Stored data
########
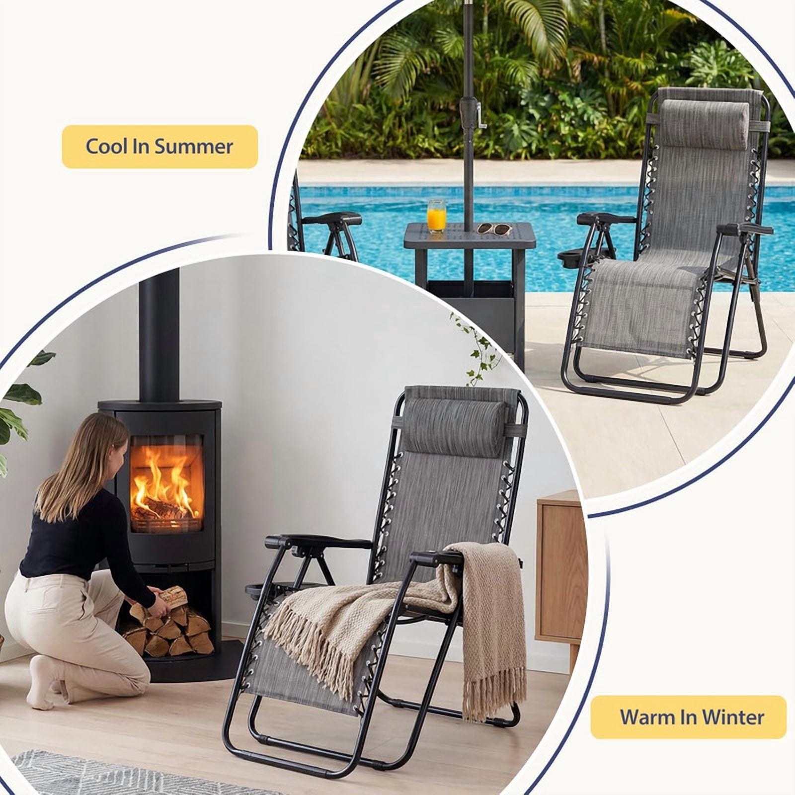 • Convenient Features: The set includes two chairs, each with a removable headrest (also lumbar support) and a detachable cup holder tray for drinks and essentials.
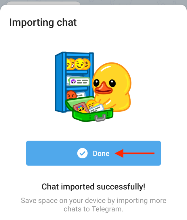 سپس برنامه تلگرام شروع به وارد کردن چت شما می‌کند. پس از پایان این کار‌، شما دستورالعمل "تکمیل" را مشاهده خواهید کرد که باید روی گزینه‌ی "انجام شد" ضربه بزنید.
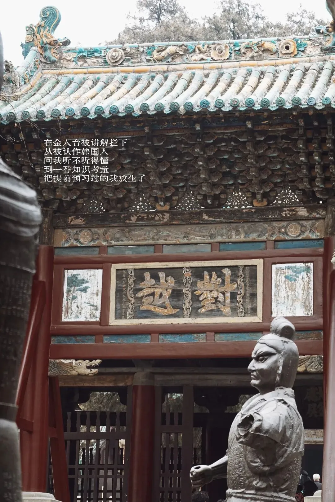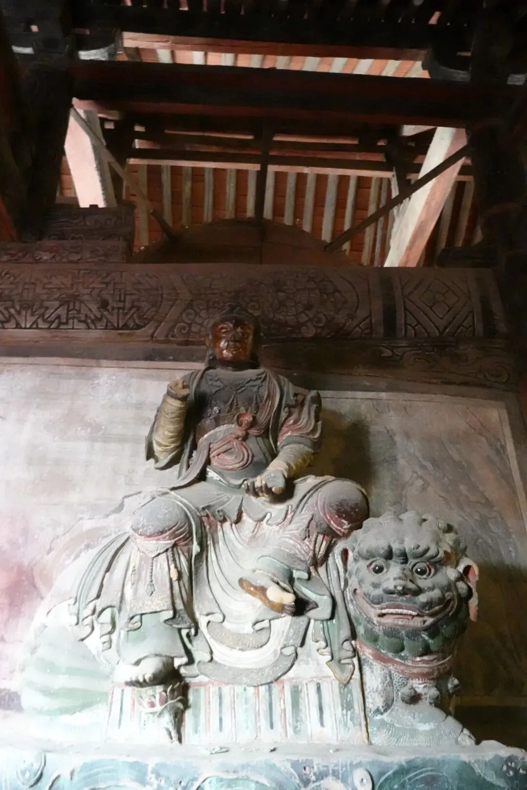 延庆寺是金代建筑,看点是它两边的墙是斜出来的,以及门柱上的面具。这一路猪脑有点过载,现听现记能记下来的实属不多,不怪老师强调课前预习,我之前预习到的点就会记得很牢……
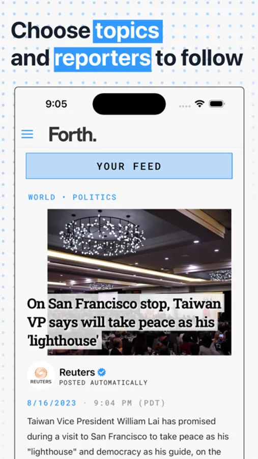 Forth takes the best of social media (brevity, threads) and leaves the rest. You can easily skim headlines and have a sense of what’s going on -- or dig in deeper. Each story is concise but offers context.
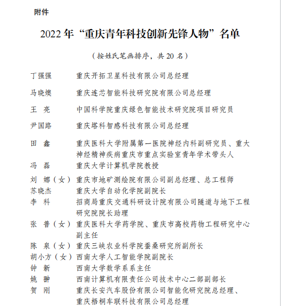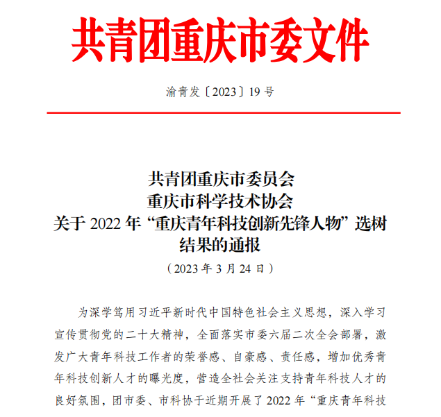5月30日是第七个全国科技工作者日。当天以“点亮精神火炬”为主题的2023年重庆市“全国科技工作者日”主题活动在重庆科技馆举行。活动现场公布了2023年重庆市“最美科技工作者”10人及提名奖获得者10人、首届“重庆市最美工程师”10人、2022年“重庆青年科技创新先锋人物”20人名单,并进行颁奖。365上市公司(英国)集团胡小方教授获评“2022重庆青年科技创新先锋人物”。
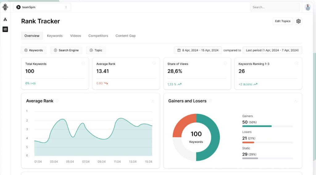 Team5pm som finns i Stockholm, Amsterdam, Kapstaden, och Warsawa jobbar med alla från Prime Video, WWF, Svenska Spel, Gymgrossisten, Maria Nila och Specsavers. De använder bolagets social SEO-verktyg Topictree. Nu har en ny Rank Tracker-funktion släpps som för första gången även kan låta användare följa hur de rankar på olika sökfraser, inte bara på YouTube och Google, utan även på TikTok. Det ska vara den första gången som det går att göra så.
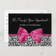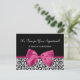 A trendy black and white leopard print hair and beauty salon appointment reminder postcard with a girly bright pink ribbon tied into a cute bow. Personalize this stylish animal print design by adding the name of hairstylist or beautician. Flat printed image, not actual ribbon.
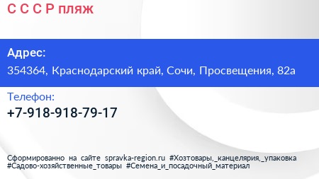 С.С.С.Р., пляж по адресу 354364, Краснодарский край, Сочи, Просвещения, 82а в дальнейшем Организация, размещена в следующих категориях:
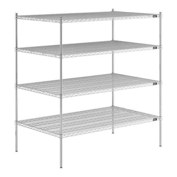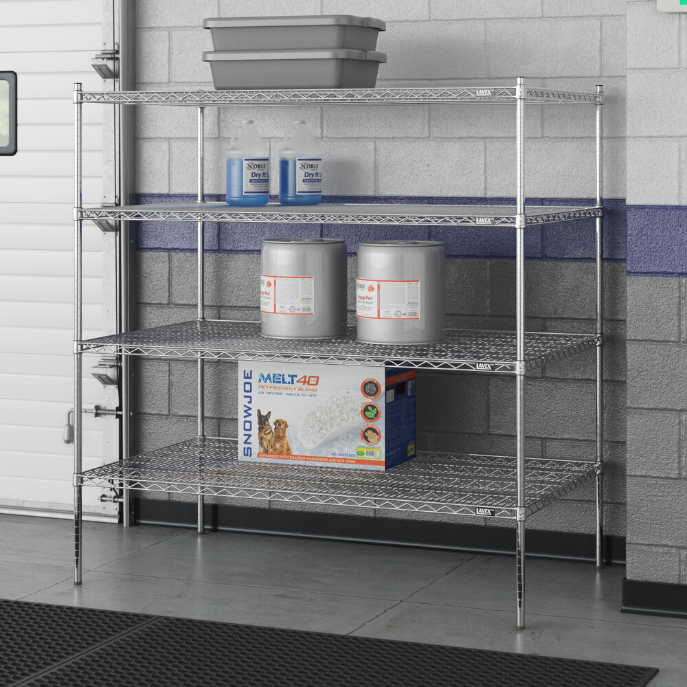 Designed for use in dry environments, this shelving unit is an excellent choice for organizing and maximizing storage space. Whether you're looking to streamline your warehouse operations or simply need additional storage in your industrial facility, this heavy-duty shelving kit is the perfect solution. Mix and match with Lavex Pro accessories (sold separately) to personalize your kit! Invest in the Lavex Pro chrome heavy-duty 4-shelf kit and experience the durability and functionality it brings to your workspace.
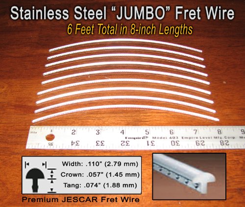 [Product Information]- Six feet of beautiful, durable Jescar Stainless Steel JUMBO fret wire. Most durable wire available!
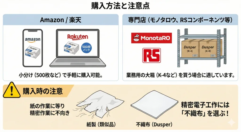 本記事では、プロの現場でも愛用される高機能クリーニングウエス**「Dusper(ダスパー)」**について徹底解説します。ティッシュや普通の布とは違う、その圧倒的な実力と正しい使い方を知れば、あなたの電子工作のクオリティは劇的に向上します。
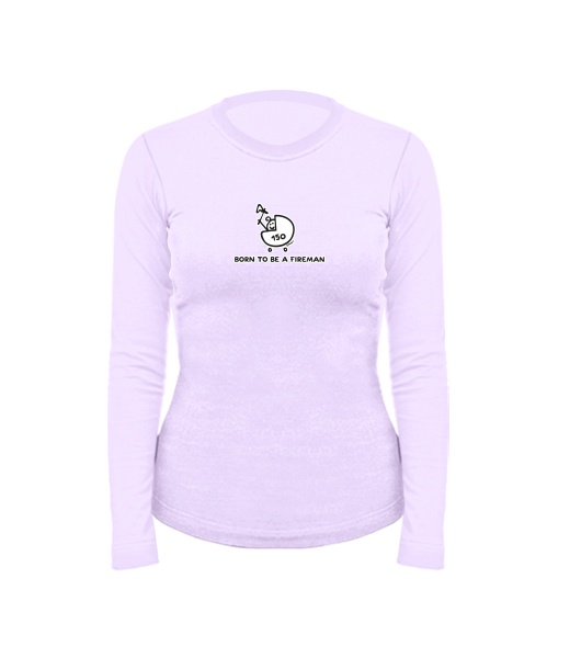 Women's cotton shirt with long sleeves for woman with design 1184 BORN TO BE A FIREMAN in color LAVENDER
########
Output each record above exactly as it stands, excluding all pictures.

 • Convenient Features: The set includes two chairs, each with a removable headrest (also lumbar support) and a detachable cup holder tray for drinks and essentials.
 سپس برنامه تلگرام شروع به وارد کردن چت شما می‌کند. پس از پایان این کار‌، شما دستورالعمل "تکمیل" را مشاهده خواهید کرد که باید روی گزینه‌ی "انجام شد" ضربه بزنید.
 延庆寺是金代建筑,看点是它两边的墙是斜出来的,以及门柱上的面具。这一路猪脑有点过载,现听现记能记下来的实属不多,不怪老师强调课前预习,我之前预习到的点就会记得很牢……
 Forth takes the best of social media (brevity, threads) and leaves the rest. You can easily skim headlines and have a sense of what’s going on -- or dig in deeper. Each story is concise but offers context.
5月30日是第七个全国科技工作者日。当天以“点亮精神火炬”为主题的2023年重庆市“全国科技工作者日”主题活动在重庆科技馆举行。活动现场公布了2023年重庆市“最美科技工作者”10人及提名奖获得者10人、首届“重庆市最美工程师”10人、2022年“重庆青年科技创新先锋人物”20人名单,并进行颁奖。365上市公司(英国)集团胡小方教授获评“2022重庆青年科技创新先锋人物”。
 Team5pm som finns i Stockholm, Amsterdam, Kapstaden, och Warsawa jobbar med alla från Prime Video, WWF, Svenska Spel, Gymgrossisten, Maria Nila och Specsavers. De använder bolagets social SEO-verktyg Topictree. Nu har en ny Rank Tracker-funktion släpps som för första gången även kan låta användare följa hur de rankar på olika sökfraser, inte bara på YouTube och Google, utan även på TikTok. Det ska vara den första gången som det går att göra så.
 A trendy black and white leopard print hair and beauty salon appointment reminder postcard with a girly bright pink ribbon tied into a cute bow. Personalize this stylish animal print design by adding the name of hairstylist or beautician. Flat printed image, not actual ribbon.
 С.С.С.Р., пляж по адресу 354364, Краснодарский край, Сочи, Просвещения, 82а в дальнейшем Организация, размещена в следующих категориях:
 Designed for use in dry environments, this shelving unit is an excellent choice for organizing and maximizing storage space. Whether you're looking to streamline your warehouse operations or simply need additional storage in your industrial facility, this heavy-duty shelving kit is the perfect solution. Mix and match with Lavex Pro accessories (sold separately) to personalize your kit! Invest in the Lavex Pro chrome heavy-duty 4-shelf kit and experience the durability and functionality it brings to your workspace.
 [Product Information]- Six feet of beautiful, durable Jescar Stainless Steel JUMBO fret wire. Most durable wire available!
 本記事では、プロの現場でも愛用される高機能クリーニングウエス**「Dusper(ダスパー)」**について徹底解説します。ティッシュや普通の布とは違う、その圧倒的な実力と正しい使い方を知れば、あなたの電子工作のクオリティは劇的に向上します。
 Women's cotton shirt with long sleeves for woman with design 1184 BORN TO BE A FIREMAN in color LAVENDER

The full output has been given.